**THE PROBLEM:**
Starting with the line that includes "Brass Ganesha Idol", write out every remaining line of the records below exactly as it appears, leaving out any images.

(Saved entries)

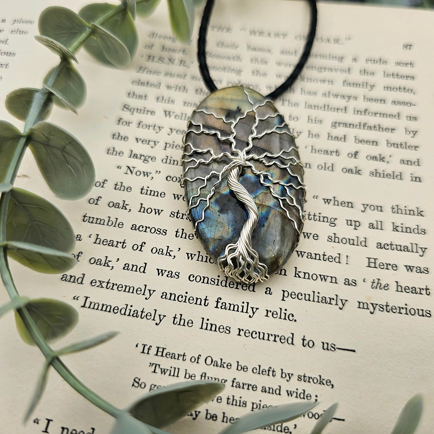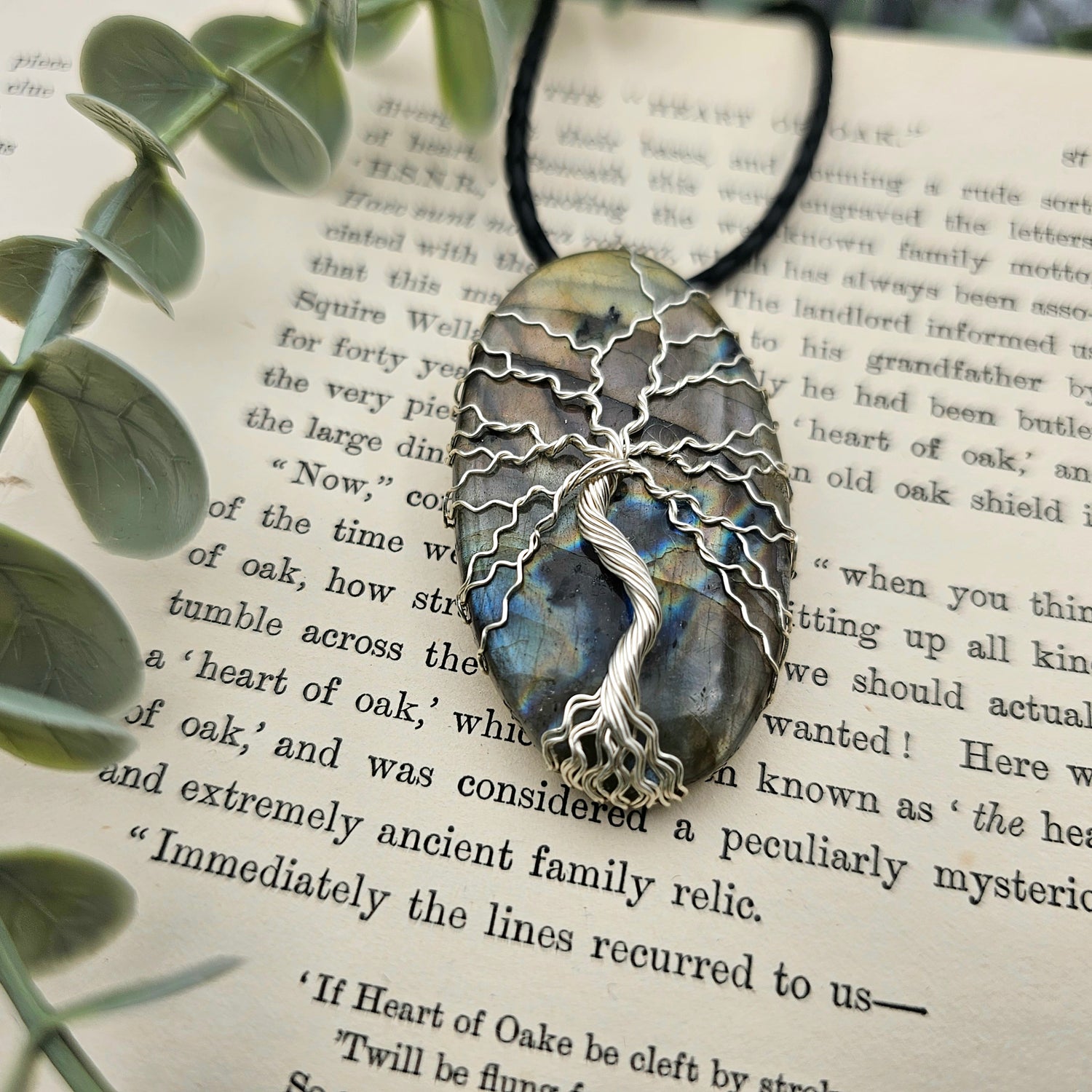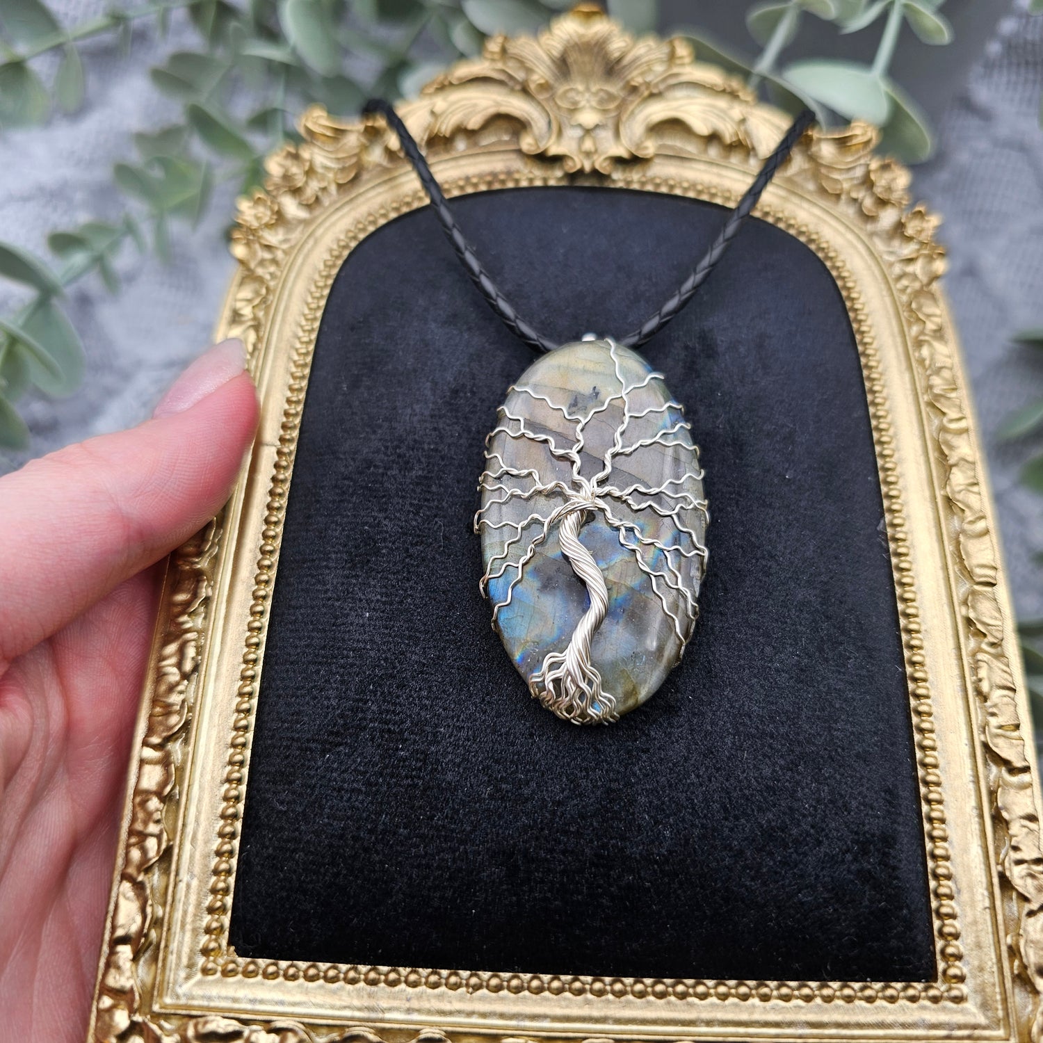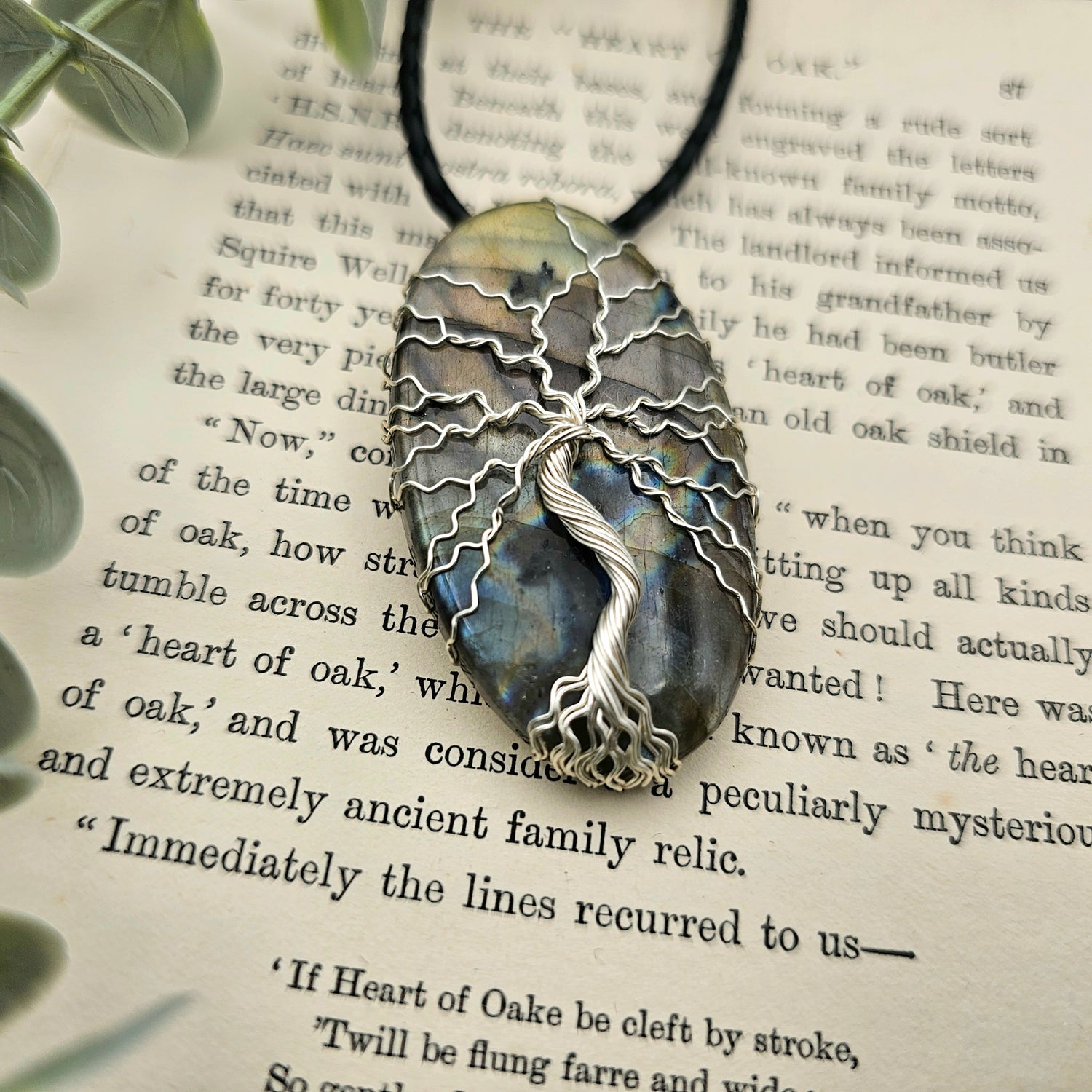 Labradorit Lebensbaum Anhänger | Schmuckdraht | Edelstein Halskette
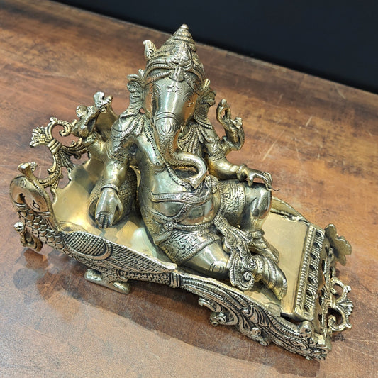Brass Ganesha Idol Resting On Peacock Singhasan 10 Inch
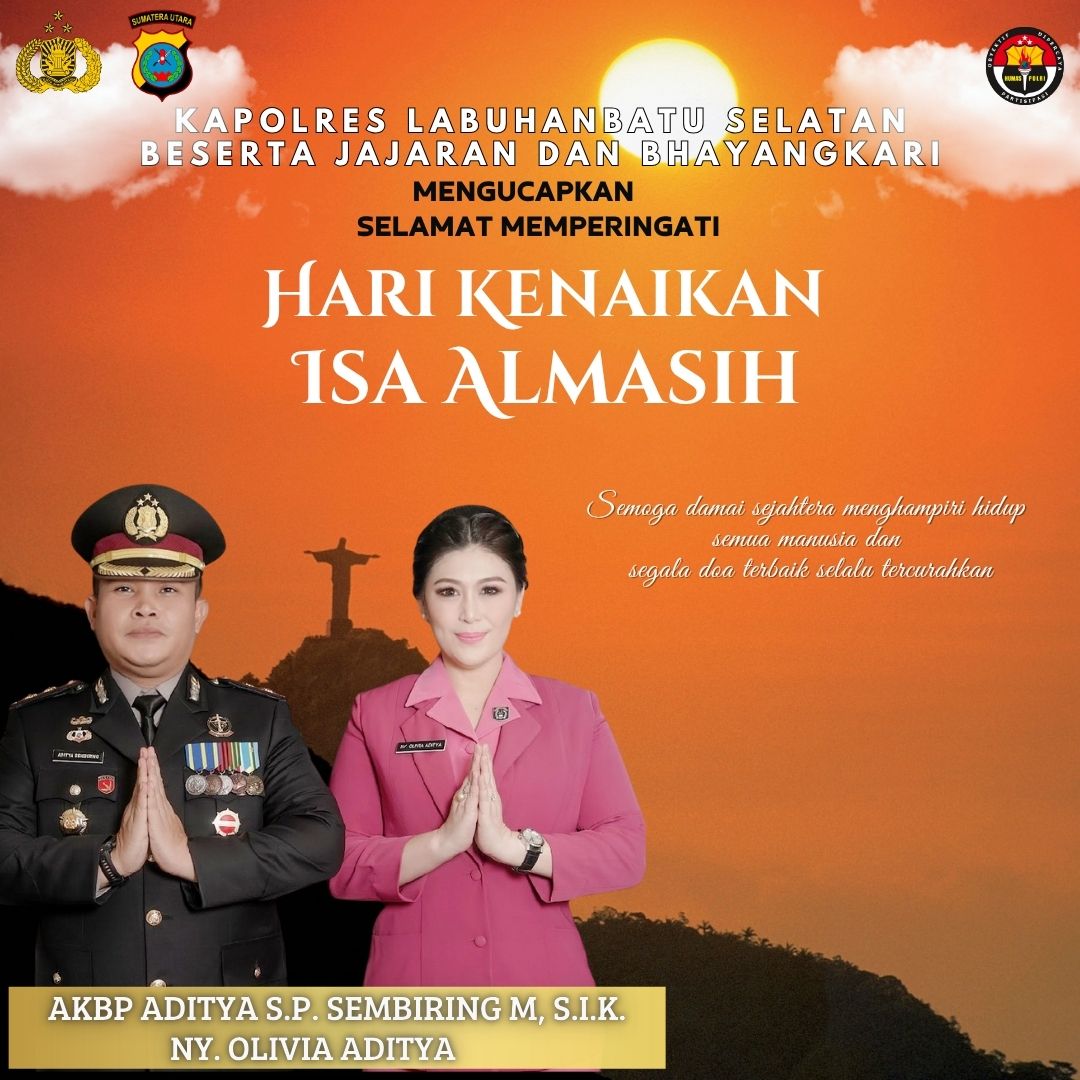 “Saya atas nama pribadi dan keluarga besar Polres Labuhanbatu Selatan mengucapkan Selamat memperingati Hari Kenaikan Isa Almasih bagi seluruh umat Kristiani. Semoga peringatan ini membawa kedamaian, kebahagiaan, dan semangat untuk terus berbuat kebaikan dalam kehidupan bermasyarakat,” ujar AKBP Aditya Sembiring.
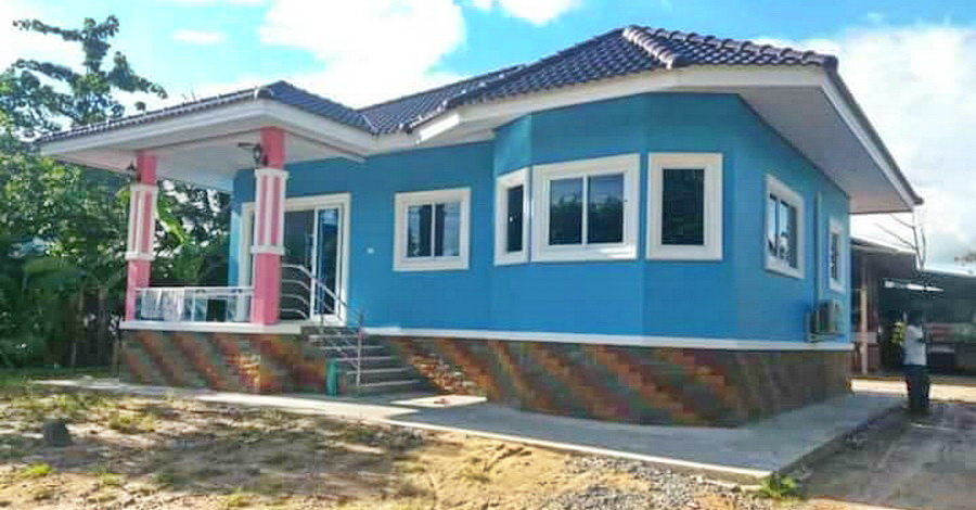 การตกแต่งภายนอกของบ้านหลังนี้เลือกใช้สีฟ้าสดในการตหแต่ง พร้อมกับเพิ่มดีเทลจากสีขาวจากกรอบหน้าต่าง และสีชมพูจากเสาหน้าบ้าน
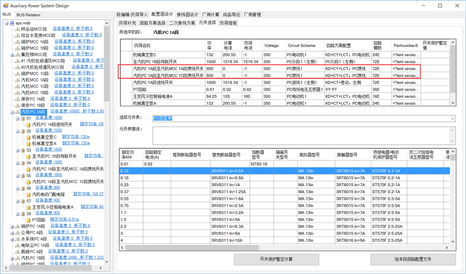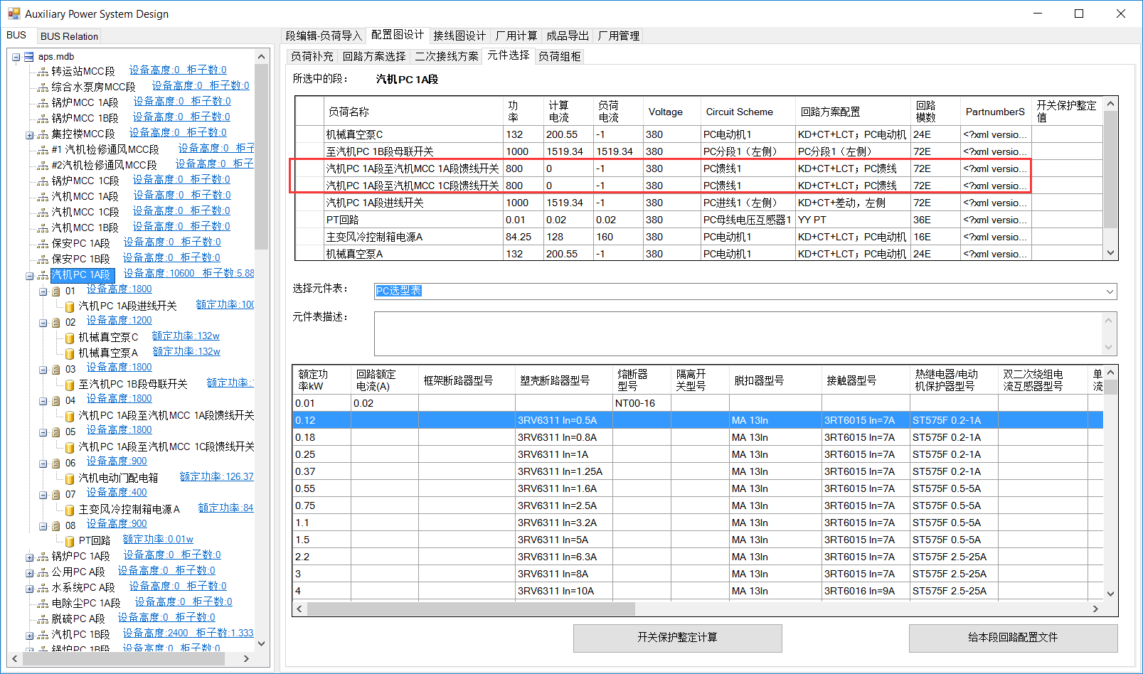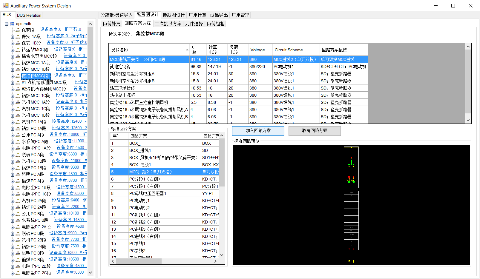 该操作为PC段一致,区别在于各负荷选择的回路方案不同。选中集控楼MCC段,分别选择回路方案。
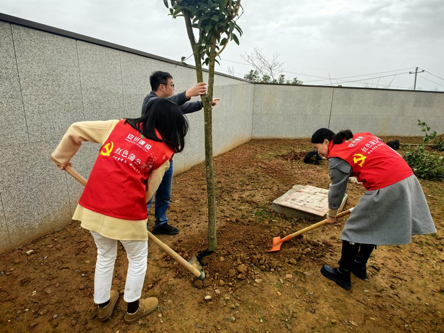 植樹活動(dòng)現(xiàn)場氣氛熱烈,黨員們分組協(xié)作,力求每棵樹苗都扎根牢固。黨員們還為樹苗掛上心愿牌,為活動(dòng)留下溫情紀(jì)念。
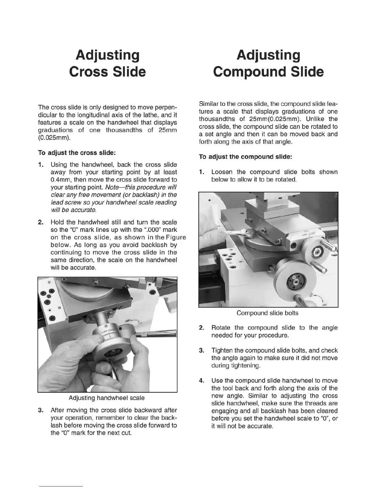 Axminster SIEG SC6 - Adjusting Cross Slide; Adjusting Compound Slide

**WRITTEN ANSWER:**
Brass Ganesha Idol Resting On Peacock Singhasan 10 Inch
 “Saya atas nama pribadi dan keluarga besar Polres Labuhanbatu Selatan mengucapkan Selamat memperingati Hari Kenaikan Isa Almasih bagi seluruh umat Kristiani. Semoga peringatan ini membawa kedamaian, kebahagiaan, dan semangat untuk terus berbuat kebaikan dalam kehidupan bermasyarakat,” ujar AKBP Aditya Sembiring.
 การตกแต่งภายนอกของบ้านหลังนี้เลือกใช้สีฟ้าสดในการตหแต่ง พร้อมกับเพิ่มดีเทลจากสีขาวจากกรอบหน้าต่าง และสีชมพูจากเสาหน้าบ้าน
 该操作为PC段一致,区别在于各负荷选择的回路方案不同。选中集控楼MCC段,分别选择回路方案。
 植樹活動(dòng)現(xiàn)場氣氛熱烈,黨員們分組協(xié)作,力求每棵樹苗都扎根牢固。黨員們還為樹苗掛上心愿牌,為活動(dòng)留下溫情紀(jì)念。
 Axminster SIEG SC6 - Adjusting Cross Slide; Adjusting Compound Slide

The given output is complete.